● **WHAT TO PRODUCE**
Set every entry down again, unchanged, picture-free.

● **INPUT FOR THIS TASK**

——————————

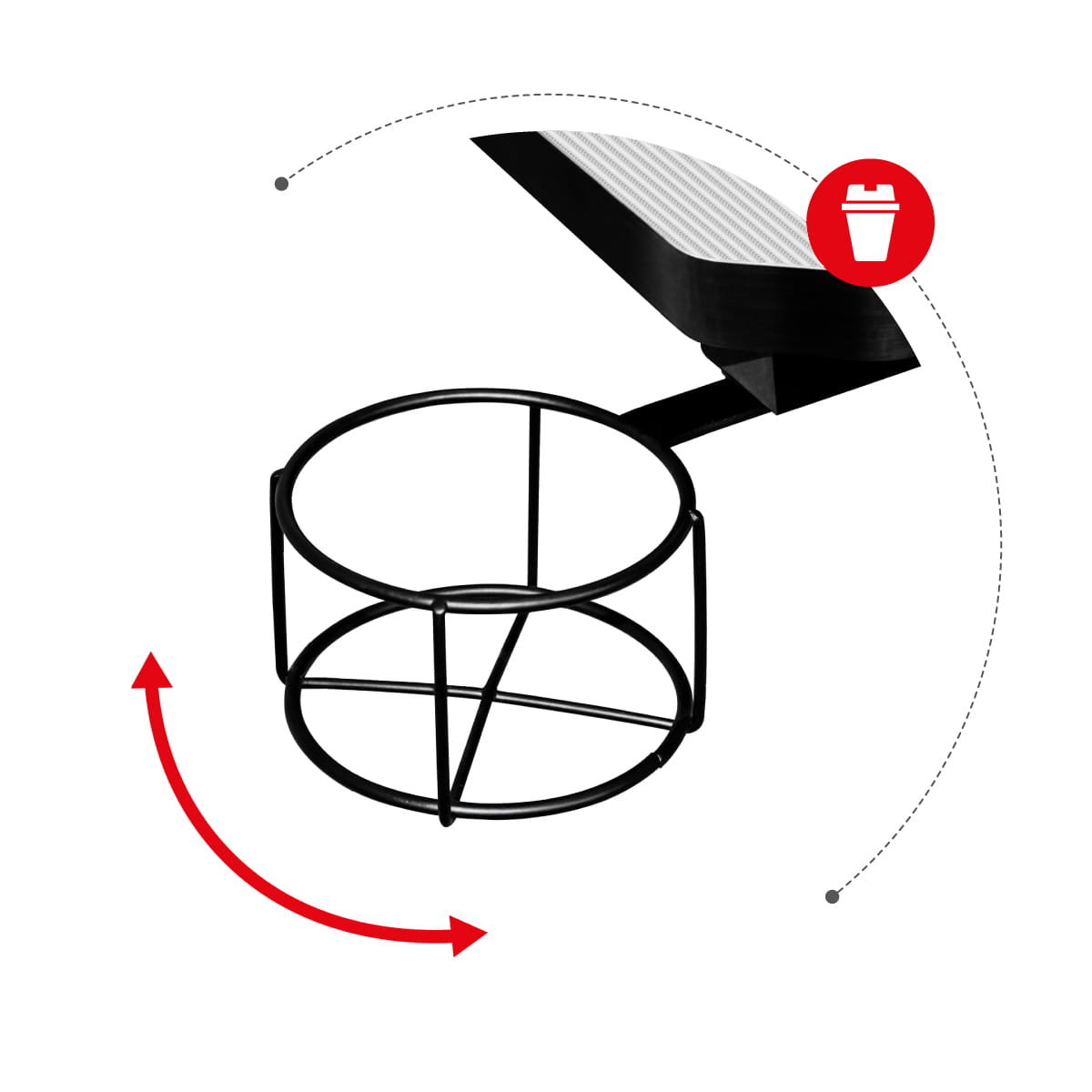 Specjalny, wygodny uchwyt na napoje. Łatwo i bezpiecznie można przechowywać w nim puszki, butelki, czy kubki. To rozwiązanie pozwoli uniknąć zalania sprzętu. Uchwyt można łatwo i szybko złożyć- schować pod biurko.
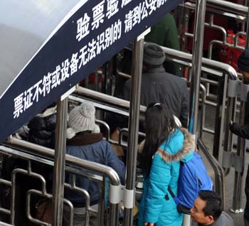 8日一早,《經(jīng)濟(jì)參考報(bào)》記者來(lái)到北京西站。作為北京市春運(yùn)期間客運(yùn)量最大的火車站,北京西站也可以說(shuō)是春運(yùn)期間國(guó)內(nèi)最繁忙的車站之一。走進(jìn)北京西站北廣場(chǎng)售票大廳,記者第一個(gè)印象是意外。以往格外擁擠的售票大廳,當(dāng)天卻顯得有點(diǎn)“空蕩”。每個(gè)窗口前隊(duì)伍最長(zhǎng)的也不超過30人,一般都在10人左右。除了比平時(shí)多出來(lái)很多維持秩序的警察和武警外,幾乎讓人感覺不到春運(yùn)已經(jīng)開始了。
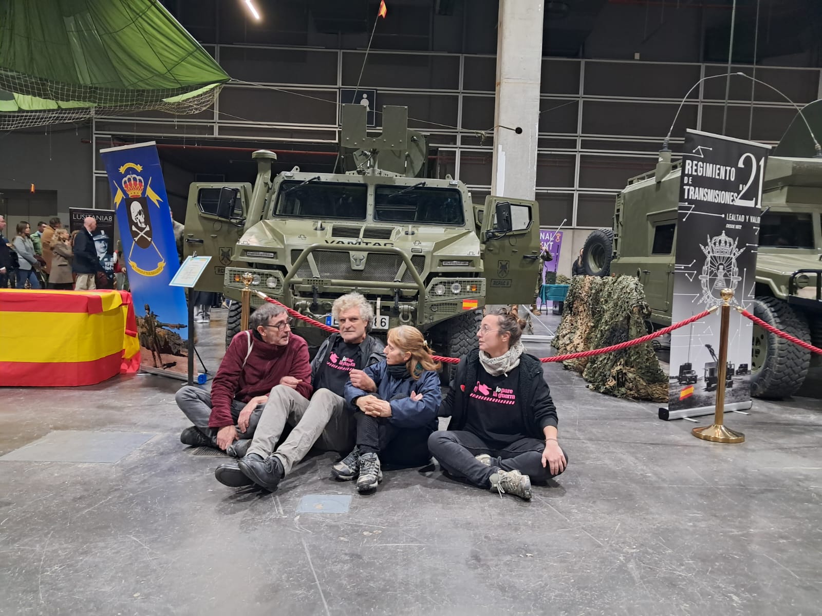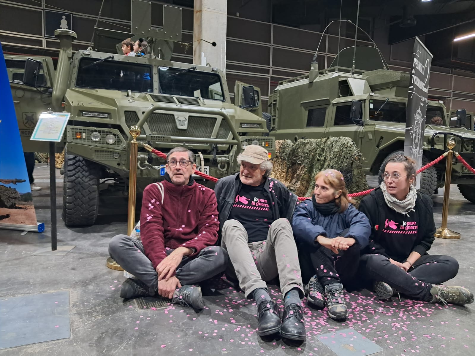 Cuatro activistas se han sentado frente a un destacamento del ejército en ExpoJove durante la inauguración oficial para protestar por la presencia del ejército en la Feria infantil y Juvenil de ExpoJove en Valencia.
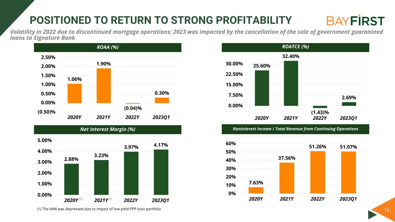 Divider + Image Click image icon to insert rectangular image. No content below the lineNo content below the line Only use S&P Global Red for key text high- lights, not shapes or charts. It’s available in the custom color palette. Footer : Never change the footer text on individual slides. Change, turn on or off footer by using Insert Header & Footer Enter / change text Click Apply All. Data color order: Used with accent colors: Complimentary colors: Font: Follow the link below to download Akkurat, the S&P Global Font: https:// mediaportal.spglobal.c om/ selection/044f0784c26 0101db38e31ccde3bbe ff/detail/28188 12 LIQUIDITY SOURCES • Available Liquidity ◦ $137 million in cash and due from other banks ◦ $42 million in AFS investment securities • Off Balance Sheet Sources of Liquidity ◦ $131 million of unused, available borrowing capacity at the FHLB based on pledged loans ◦ $41 million available at the Federal Reserve Bank based on pledged loans ◦ $40 million in available Fed Funds borrowing lines from other banks • Contingent Sources ◦ Up to $130 million in brokered deposits (1) ◦ Up to $309 million in listing service deposits (1) (1) Based on Bank’s policy limits Data as of March 31, 2023 (unaudited)
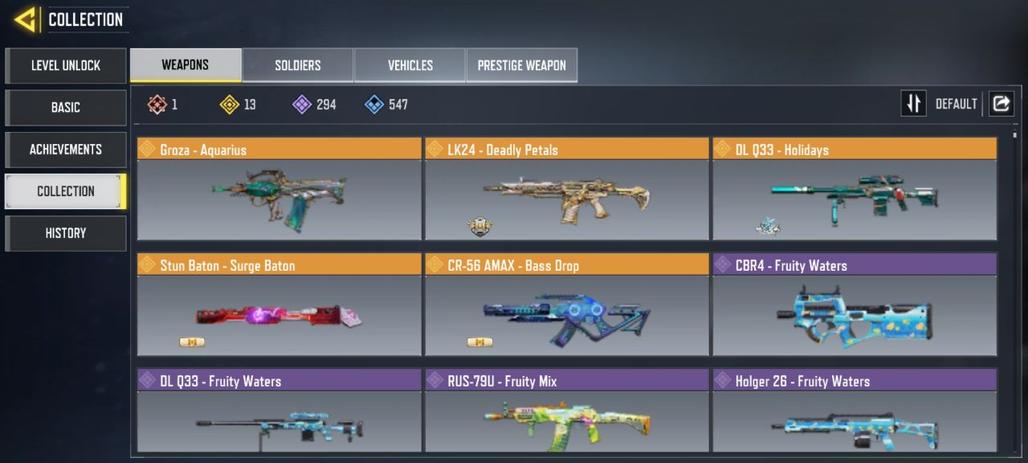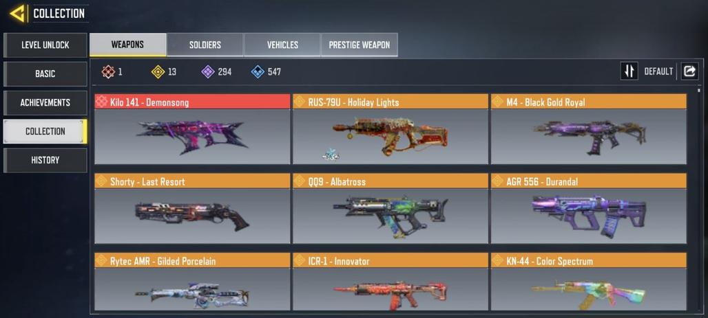 Save Activision - Gun Legend: 13 - Mythic gun: 1 -character Legend: 1 -Epic Gun: 294 - Epic character: 120
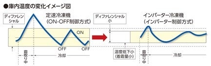 冷却負荷の変化に対応して、圧縮機の回転をインバーター制御。これにより蒸発温度のディファレンシャルを小さくした運転ができます。また蒸発温度を一定に制御することにより蒸発器への着霜が減り、除霜時間や除霜回数が削減できるため、安定した温度管理がしやすくなります。
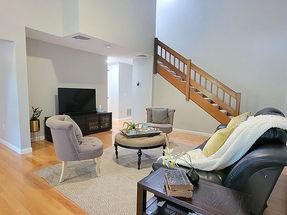 You absolutely can NOT miss this awesome townhome style condominium located in a beautiful community close to shopping, highway access, train station, and more! There's a playground and tennis and basketball courts on the premises! Nice cozy yard space with a patio too! The living room is huge with cathedral ceilings and is wide open to the dining room, both with gleaming hardwood floors. The kitchen has granite counters and stainless steel appliances. A half bath and laundry room round out the 1st floor. The 2nd level has two BIG bedrooms both with their very own full bathroom! The entire home was freshly painted and has brand new carpeting in the bedrooms and staircase! Central air, gas heat and cooking, one car garage, town water and town sewer.
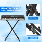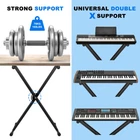 【Adjustable height】This electronic keyboard stand has 7 adjustable heights, and the easy-to-use pull knob can release and fix the center pin. Just pull the pull knob to both sides (the height you want to adjust) to adjust the height quickly and easily. 【Portable and detachable】The structure design of the stand is simple, the double x structure can be folded, and the overall packaging volume is small after the support rod is simply disassembled, which makes it easy to carry when you go out for performances, and easy to store and organize after use at home without taking up space. 【 High-quality material】 The electronic keyboard stand is made of high-quality steel, and the surface is treated with a strong coating, which makes the electronic keyboard stand anti-corrosive, and the material is hard, resistant to falling and not easy to deform, and can be used for a long time. 【Stable and safe】The square double rods of the stand are thickened and thickened, which enhances the overall durability of the piano stand, and the double X structure enhances the stability of the stand itself. The anti-slip cover can maintain the overall balance of the piano stand during the performance, and the lock belt can fix the electronic keyboard to prevent the keyboard from falling. 【Wide application】this stand can be widely used in band practice, band performance, studio practice, stage and DJ performance, and can also be used for a variety of different instruments. It can match various sizes of electric pianos, including 57, 61, and 88-key electronic pianos. Whether you are a professional or an amateur, this stand is your best choice.

——————————

● **WRITTEN RESPONSE**
 Specjalny, wygodny uchwyt na napoje. Łatwo i bezpiecznie można przechowywać w nim puszki, butelki, czy kubki. To rozwiązanie pozwoli uniknąć zalania sprzętu. Uchwyt można łatwo i szybko złożyć- schować pod biurko.
 8日一早,《經(jīng)濟(jì)參考報(bào)》記者來(lái)到北京西站。作為北京市春運(yùn)期間客運(yùn)量最大的火車站,北京西站也可以說(shuō)是春運(yùn)期間國(guó)內(nèi)最繁忙的車站之一。走進(jìn)北京西站北廣場(chǎng)售票大廳,記者第一個(gè)印象是意外。以往格外擁擠的售票大廳,當(dāng)天卻顯得有點(diǎn)“空蕩”。每個(gè)窗口前隊(duì)伍最長(zhǎng)的也不超過30人,一般都在10人左右。除了比平時(shí)多出來(lái)很多維持秩序的警察和武警外,幾乎讓人感覺不到春運(yùn)已經(jīng)開始了。
 Cuatro activistas se han sentado frente a un destacamento del ejército en ExpoJove durante la inauguración oficial para protestar por la presencia del ejército en la Feria infantil y Juvenil de ExpoJove en Valencia.
 Divider + Image Click image icon to insert rectangular image. No content below the lineNo content below the line Only use S&P Global Red for key text high- lights, not shapes or charts. It’s available in the custom color palette. Footer : Never change the footer text on individual slides. Change, turn on or off footer by using Insert Header & Footer Enter / change text Click Apply All. Data color order: Used with accent colors: Complimentary colors: Font: Follow the link below to download Akkurat, the S&P Global Font: https:// mediaportal.spglobal.c om/ selection/044f0784c26 0101db38e31ccde3bbe ff/detail/28188 12 LIQUIDITY SOURCES • Available Liquidity ◦ $137 million in cash and due from other banks ◦ $42 million in AFS investment securities • Off Balance Sheet Sources of Liquidity ◦ $131 million of unused, available borrowing capacity at the FHLB based on pledged loans ◦ $41 million available at the Federal Reserve Bank based on pledged loans ◦ $40 million in available Fed Funds borrowing lines from other banks • Contingent Sources ◦ Up to $130 million in brokered deposits (1) ◦ Up to $309 million in listing service deposits (1) (1) Based on Bank’s policy limits Data as of March 31, 2023 (unaudited)
 Save Activision - Gun Legend: 13 - Mythic gun: 1 -character Legend: 1 -Epic Gun: 294 - Epic character: 120
 冷却負荷の変化に対応して、圧縮機の回転をインバーター制御。これにより蒸発温度のディファレンシャルを小さくした運転ができます。また蒸発温度を一定に制御することにより蒸発器への着霜が減り、除霜時間や除霜回数が削減できるため、安定した温度管理がしやすくなります。
 You absolutely can NOT miss this awesome townhome style condominium located in a beautiful community close to shopping, highway access, train station, and more! There's a playground and tennis and basketball courts on the premises! Nice cozy yard space with a patio too! The living room is huge with cathedral ceilings and is wide open to the dining room, both with gleaming hardwood floors. The kitchen has granite counters and stainless steel appliances. A half bath and laundry room round out the 1st floor. The 2nd level has two BIG bedrooms both with their very own full bathroom! The entire home was freshly painted and has brand new carpeting in the bedrooms and staircase! Central air, gas heat and cooking, one car garage, town water and town sewer.
 【Adjustable height】This electronic keyboard stand has 7 adjustable heights, and the easy-to-use pull knob can release and fix the center pin. Just pull the pull knob to both sides (the height you want to adjust) to adjust the height quickly and easily. 【Portable and detachable】The structure design of the stand is simple, the double x structure can be folded, and the overall packaging volume is small after the support rod is simply disassembled, which makes it easy to carry when you go out for performances, and easy to store and organize after use at home without taking up space. 【 High-quality material】 The electronic keyboard stand is made of high-quality steel, and the surface is treated with a strong coating, which makes the electronic keyboard stand anti-corrosive, and the material is hard, resistant to falling and not easy to deform, and can be used for a long time. 【Stable and safe】The square double rods of the stand are thickened and thickened, which enhances the overall durability of the piano stand, and the double X structure enhances the stability of the stand itself. The anti-slip cover can maintain the overall balance of the piano stand during the performance, and the lock belt can fix the electronic keyboard to prevent the keyboard from falling. 【Wide application】this stand can be widely used in band practice, band performance, studio practice, stage and DJ performance, and can also be used for a variety of different instruments. It can match various sizes of electric pianos, including 57, 61, and 88-key electronic pianos. Whether you are a professional or an amateur, this stand is your best choice.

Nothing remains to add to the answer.